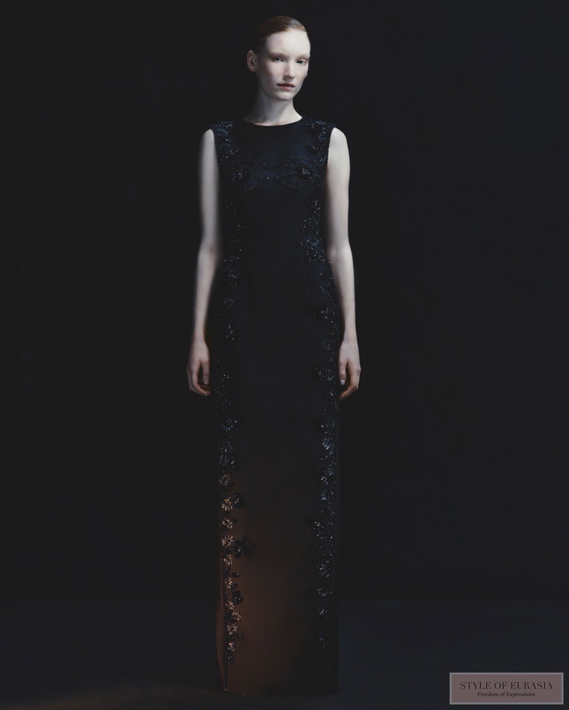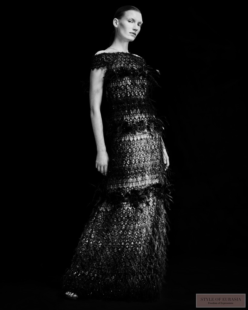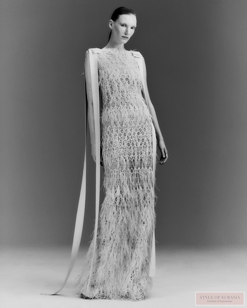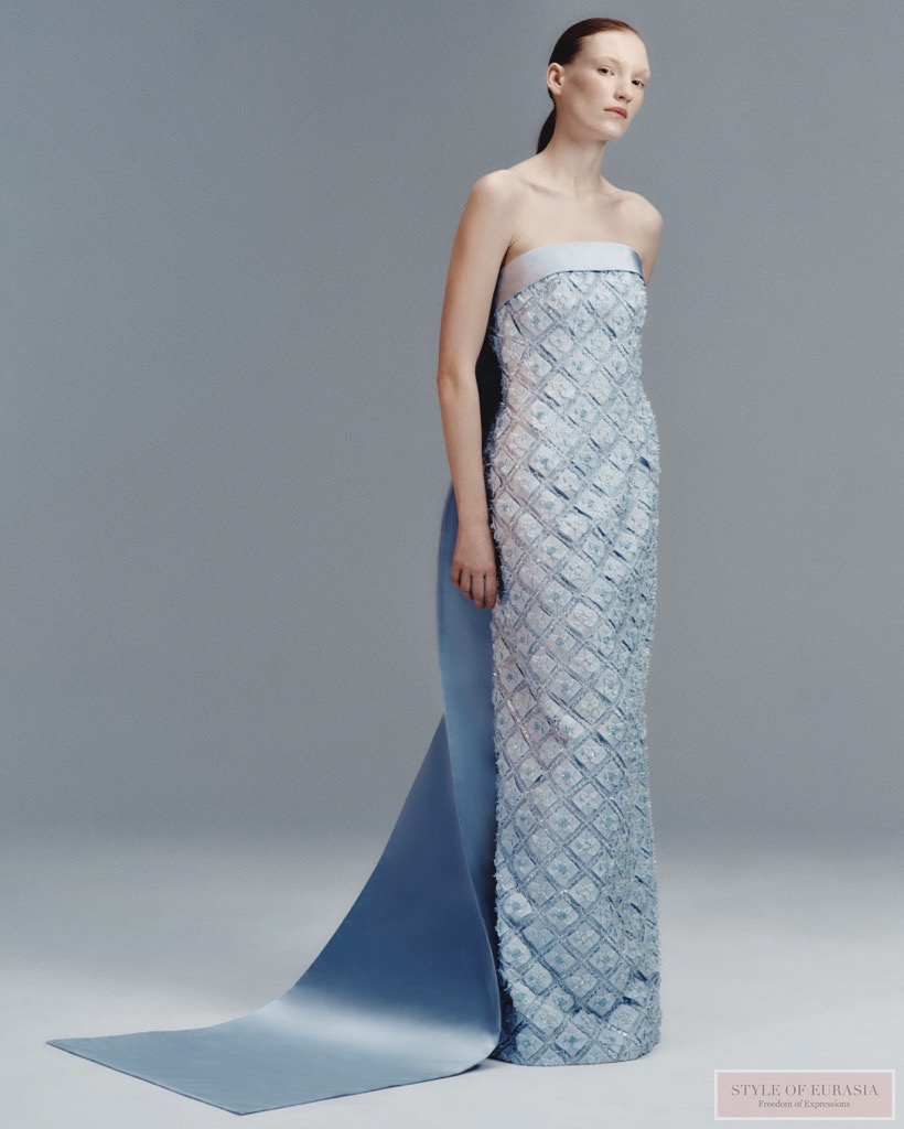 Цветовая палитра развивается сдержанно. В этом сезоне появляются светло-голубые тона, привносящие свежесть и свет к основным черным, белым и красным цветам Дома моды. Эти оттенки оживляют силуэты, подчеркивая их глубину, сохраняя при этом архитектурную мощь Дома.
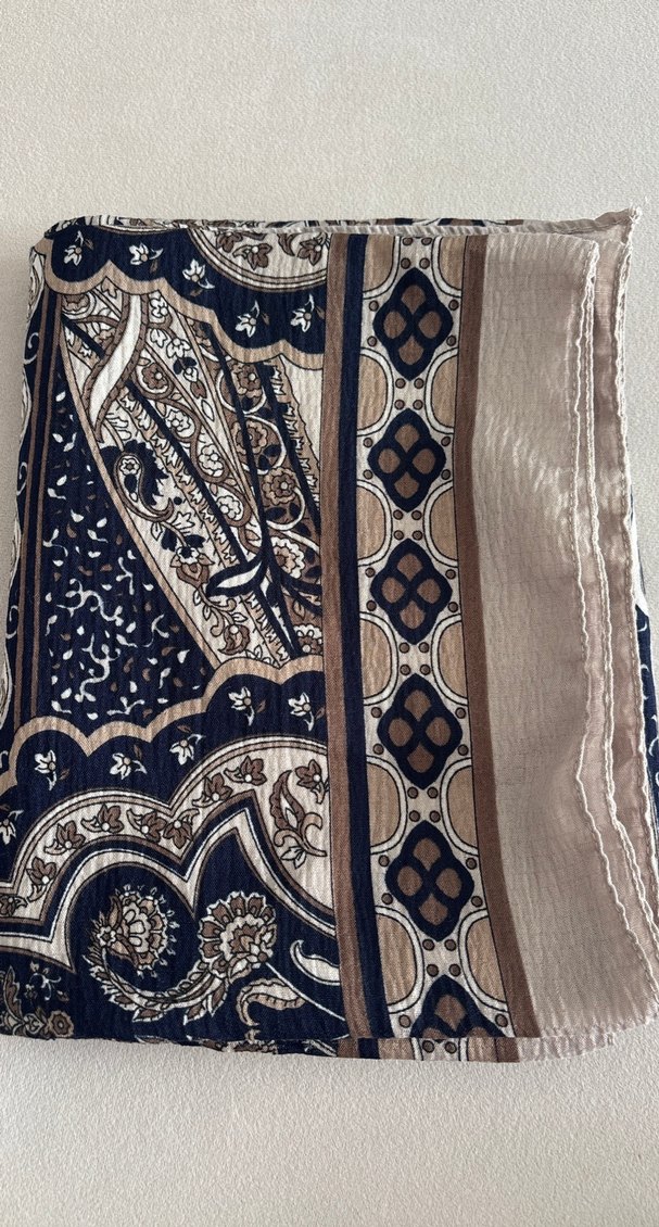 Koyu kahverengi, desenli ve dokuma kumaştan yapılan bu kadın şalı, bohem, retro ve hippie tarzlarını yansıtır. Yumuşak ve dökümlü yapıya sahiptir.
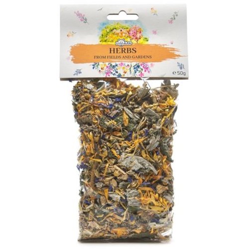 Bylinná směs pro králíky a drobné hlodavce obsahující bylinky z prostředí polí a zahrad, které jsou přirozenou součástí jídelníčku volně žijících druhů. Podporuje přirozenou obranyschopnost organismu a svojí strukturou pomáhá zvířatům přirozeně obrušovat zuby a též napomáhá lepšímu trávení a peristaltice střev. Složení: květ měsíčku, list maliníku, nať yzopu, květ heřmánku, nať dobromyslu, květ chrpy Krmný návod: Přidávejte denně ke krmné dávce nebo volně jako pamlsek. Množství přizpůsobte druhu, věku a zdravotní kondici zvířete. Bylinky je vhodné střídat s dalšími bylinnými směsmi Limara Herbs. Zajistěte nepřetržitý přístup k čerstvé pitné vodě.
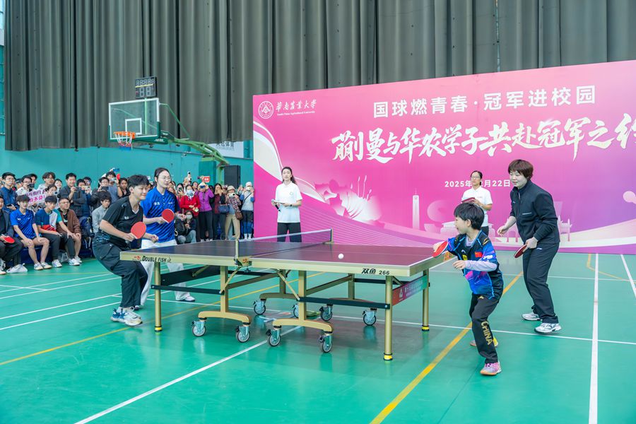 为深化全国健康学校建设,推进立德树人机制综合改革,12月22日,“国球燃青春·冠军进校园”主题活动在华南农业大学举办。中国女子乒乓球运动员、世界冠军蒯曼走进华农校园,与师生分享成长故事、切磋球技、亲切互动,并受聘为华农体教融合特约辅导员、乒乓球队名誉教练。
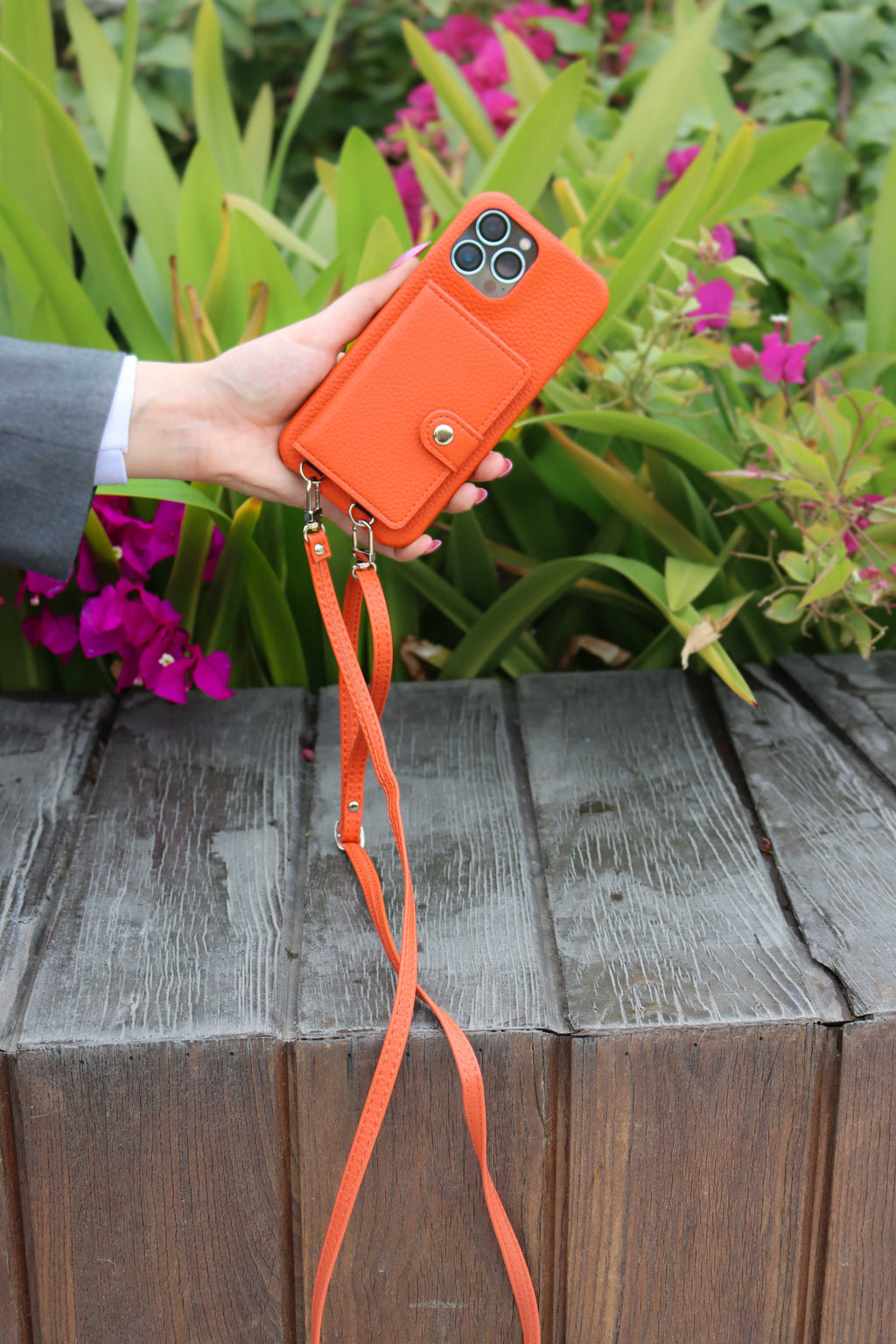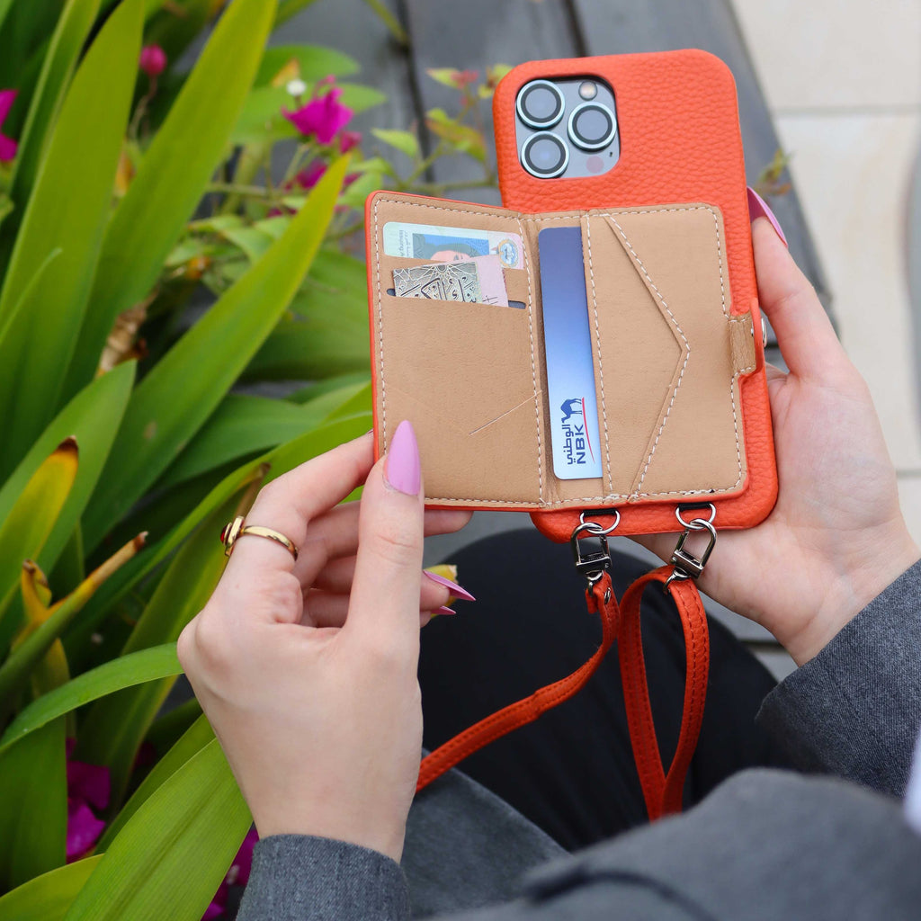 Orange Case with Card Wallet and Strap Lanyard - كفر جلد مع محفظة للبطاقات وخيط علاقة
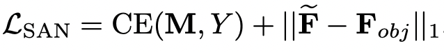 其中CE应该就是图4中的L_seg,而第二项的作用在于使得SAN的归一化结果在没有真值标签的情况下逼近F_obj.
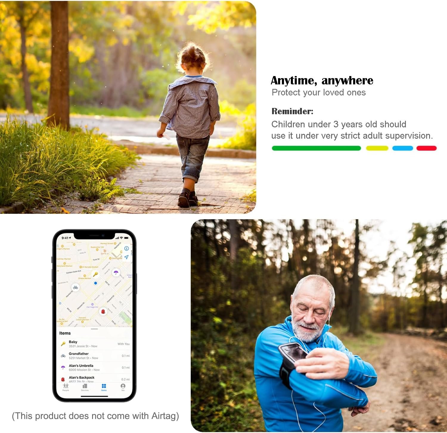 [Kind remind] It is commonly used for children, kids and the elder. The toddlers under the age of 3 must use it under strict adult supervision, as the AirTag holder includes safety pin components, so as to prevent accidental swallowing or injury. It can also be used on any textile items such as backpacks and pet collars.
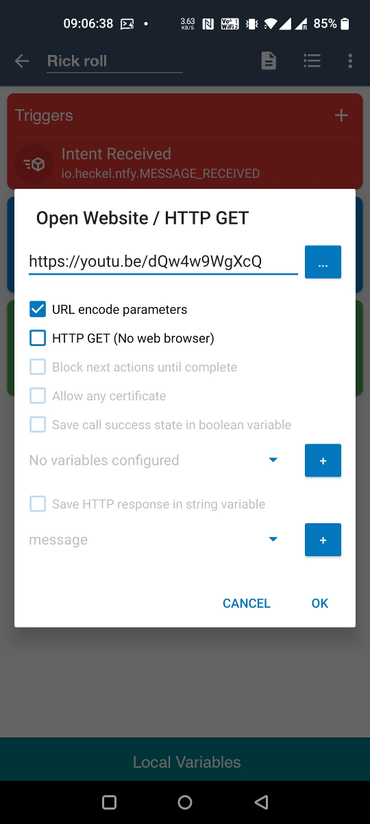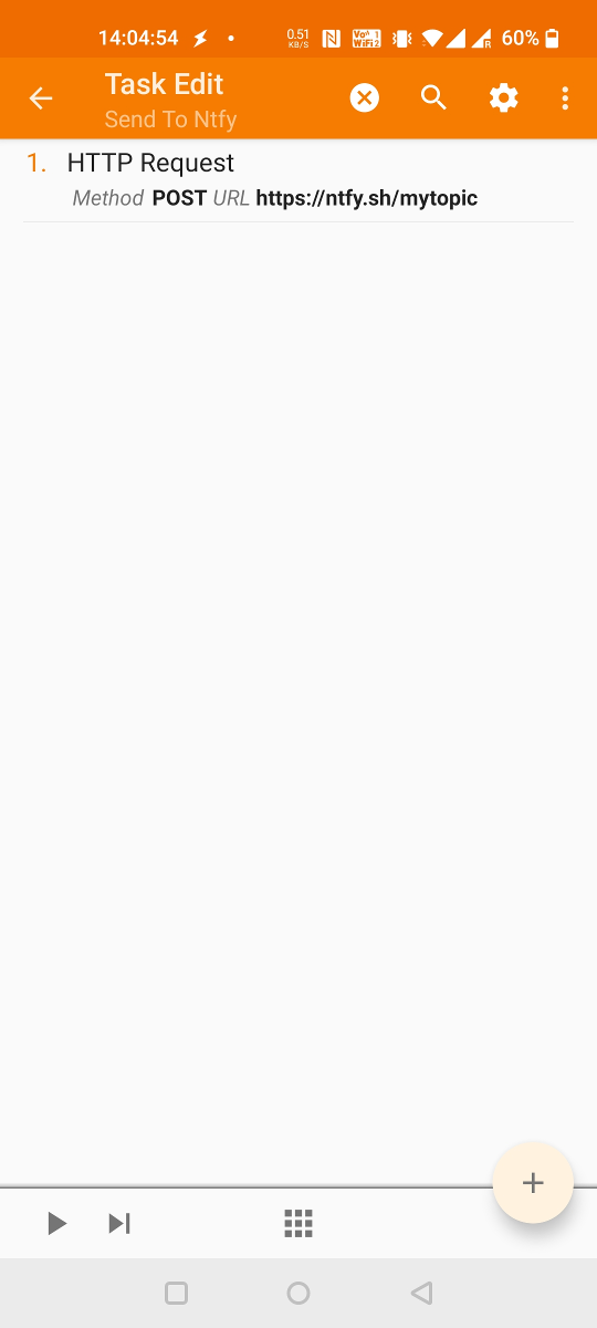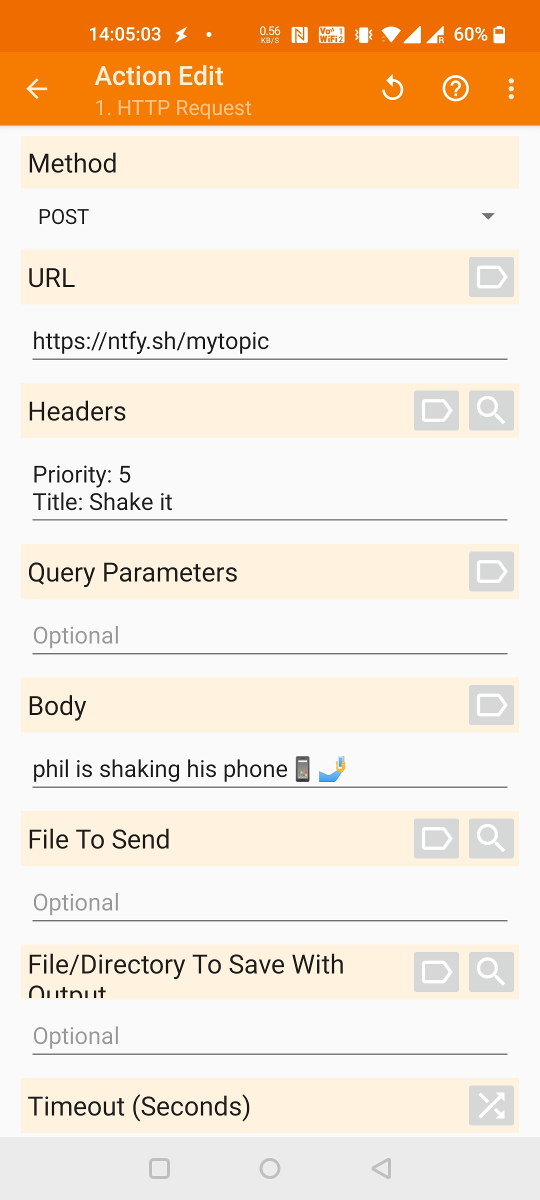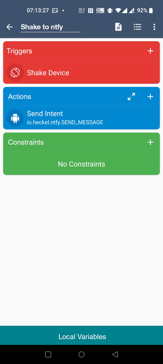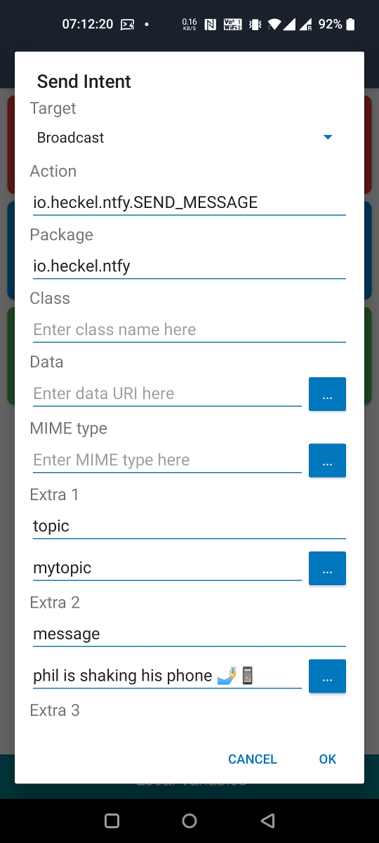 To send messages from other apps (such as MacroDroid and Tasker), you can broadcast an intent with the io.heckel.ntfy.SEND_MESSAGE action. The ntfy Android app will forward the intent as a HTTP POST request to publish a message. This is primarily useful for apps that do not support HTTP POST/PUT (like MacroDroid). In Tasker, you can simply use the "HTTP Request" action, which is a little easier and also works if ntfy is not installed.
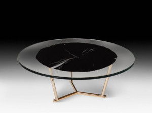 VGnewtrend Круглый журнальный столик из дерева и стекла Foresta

Prompt » Word for word, copy the lines from the one with "To send messages" through the end of the entries above, and do not include any picture.

Finished task »
 To send messages from other apps (such as MacroDroid and Tasker), you can broadcast an intent with the io.heckel.ntfy.SEND_MESSAGE action. The ntfy Android app will forward the intent as a HTTP POST request to publish a message. This is primarily useful for apps that do not support HTTP POST/PUT (like MacroDroid). In Tasker, you can simply use the "HTTP Request" action, which is a little easier and also works if ntfy is not installed.
 VGnewtrend Круглый журнальный столик из дерева и стекла Foresta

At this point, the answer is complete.